As to the third issue, the question of balance, the Regional Council noted that the first newscast covered the complainant's version of affairs and the second, to some extent, the doctor's. It is clear that, on the November 24 broadcast, there is not a word on behalf of the doctor. In the second newscast, on November 25, while there are words reporting the perspective favouring the doctor from certain witnesses and the doctor's lawyer, equal weight is given to the complainant's lawyer and she herself was again on air, this time rebutting the doctor's lawyer's contention. The Council had no hesitation in deciding that, when weighed together, the reporting of the incident over the two days was balanced and fair.

Furthermore, the Council noted that it had been clearly stated and repeated that the doctor had been guilty of sexual misconduct and was now awaiting punishment. If anything, the first broadcast had accorded no weight to the doctor's position at all. The complainant had been interviewed on both broadcasts and had been allowed to state her concerns and to enunciate her perspective.

Finally, on this issue, the Council agreed with the CFTO Vice-President on the following point. No broadcaster can be expected to cover every aspect raised in the course of a hearing or other newsworthy event. Broadcasters must be selective in juggling the limited time available to them to report on all the events of the day which call out to be brought to the attention of the public.

In an analogous decision, also involving CFTO-TV re News Report (Pollution) (CBSC Decision 92/93-0178, October 26, 1993), the Ontario Regional Council, in dealing with the CFTO-TV coverage of an American report on pollution which the broadcaster had adapted to its audience, concluded:

It is here that the complainant and the station parted company, for CFTO-TV used the American report only as a “top” to its story, which dealt with a local perspective, oriented more particularly toward the automobile. It did not
represent
that this was the essence of the study, or even a part of it. The complainant was obviously dissatisfied that the report did not adequately explain the American study; this was not the story which CFTO-TV chose to tell. In that, it was not inaccurate or biased.
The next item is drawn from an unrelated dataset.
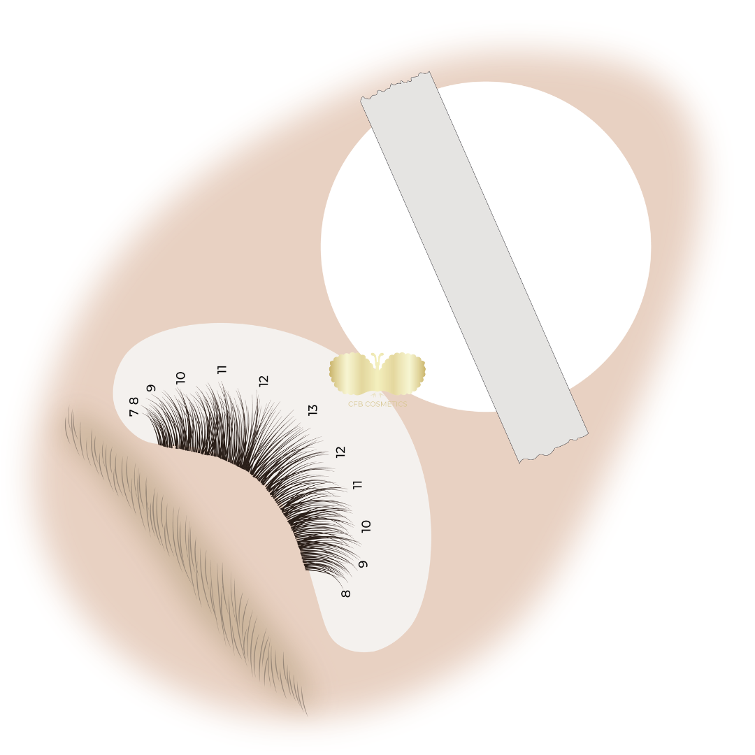 Tapes can also be used to better reach the very short and fine lashes in the inner and outer corners. Correct application of the tapes makes these fine lashes visible and separates them. The illustrations show you how to do this.

In this matter, the Council also concluded that CFTO-TV had to determine how to tell the story. It was entitled to do that provided it was neither inaccurate nor biased. In the Council's view, it was neither.

While the broadcaster has an obligation to be responsive to the viewer (or listener), and the failure to be so will result in a negative decision by the CBSC, broadcasters occasionally distinguish themselves by a level of responsiveness which goes well beyond the Council's expectations. This is such a case. The broadcaster had spoken to the complainant, sent two thorough replies, demanded a lengthy memorandum from its reporter and disclosed that internal memorandum to the complainant, addressed all concerns raised by the complainant, and reprimanded the cameraman who had spoken out importunately. In all, the broadcaster more than fulfilled its obligation of responsiveness to complainant.

This decision is a public document upon its release by the Canadian Broadcast Standards Council and may be reported, announced, or read by the station against which the complaint had originally been made; however, in the case of a favourable decision, the station is under no obligation to announce the result.